= EXERCISE REQUIREMENTS =
Take the data below and copy exactly the lines starting at the one with "历史+不限:411组(地方公" and finishing at the one with "Procvičujte grafomotoriku s", both included.

= TASK DATA =

+--

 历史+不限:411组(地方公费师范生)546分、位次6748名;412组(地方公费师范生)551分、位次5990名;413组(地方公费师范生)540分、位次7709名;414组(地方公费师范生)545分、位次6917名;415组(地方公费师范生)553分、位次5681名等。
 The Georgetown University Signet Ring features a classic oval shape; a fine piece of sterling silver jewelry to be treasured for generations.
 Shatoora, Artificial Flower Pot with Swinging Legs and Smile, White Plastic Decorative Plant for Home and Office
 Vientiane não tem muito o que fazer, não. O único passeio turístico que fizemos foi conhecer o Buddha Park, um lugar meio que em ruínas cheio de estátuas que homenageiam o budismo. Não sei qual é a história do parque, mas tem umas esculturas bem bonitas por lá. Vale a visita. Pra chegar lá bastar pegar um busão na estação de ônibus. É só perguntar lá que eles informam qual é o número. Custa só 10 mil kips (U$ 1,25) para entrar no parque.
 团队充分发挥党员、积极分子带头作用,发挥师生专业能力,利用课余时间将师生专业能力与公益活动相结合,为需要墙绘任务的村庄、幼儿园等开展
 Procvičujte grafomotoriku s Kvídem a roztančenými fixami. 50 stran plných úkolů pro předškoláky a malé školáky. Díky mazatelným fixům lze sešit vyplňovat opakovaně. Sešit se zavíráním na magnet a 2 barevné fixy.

+--

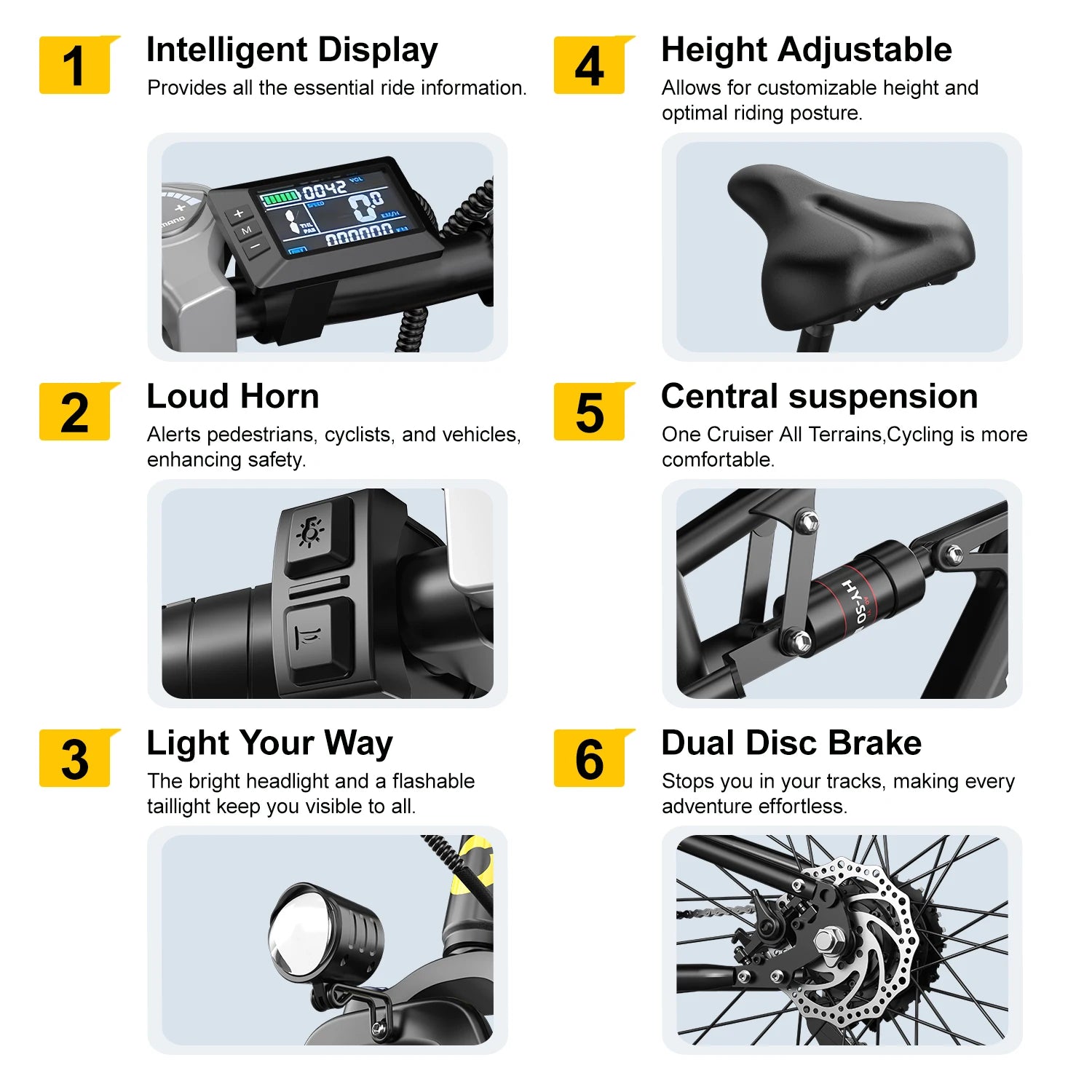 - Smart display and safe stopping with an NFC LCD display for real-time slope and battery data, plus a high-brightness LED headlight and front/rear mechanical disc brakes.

+--

= EXERCISE SOLUTION =
 历史+不限:411组(地方公费师范生)546分、位次6748名;412组(地方公费师范生)551分、位次5990名;413组(地方公费师范生)540分、位次7709名;414组(地方公费师范生)545分、位次6917名;415组(地方公费师范生)553分、位次5681名等。
 The Georgetown University Signet Ring features a classic oval shape; a fine piece of sterling silver jewelry to be treasured for generations.
 Shatoora, Artificial Flower Pot with Swinging Legs and Smile, White Plastic Decorative Plant for Home and Office
 Vientiane não tem muito o que fazer, não. O único passeio turístico que fizemos foi conhecer o Buddha Park, um lugar meio que em ruínas cheio de estátuas que homenageiam o budismo. Não sei qual é a história do parque, mas tem umas esculturas bem bonitas por lá. Vale a visita. Pra chegar lá bastar pegar um busão na estação de ônibus. É só perguntar lá que eles informam qual é o número. Custa só 10 mil kips (U$ 1,25) para entrar no parque.
 团队充分发挥党员、积极分子带头作用,发挥师生专业能力,利用课余时间将师生专业能力与公益活动相结合,为需要墙绘任务的村庄、幼儿园等开展
 Procvičujte grafomotoriku s Kvídem a roztančenými fixami. 50 stran plných úkolů pro předškoláky a malé školáky. Díky mazatelným fixům lze sešit vyplňovat opakovaně. Sešit se zavíráním na magnet a 2 barevné fixy.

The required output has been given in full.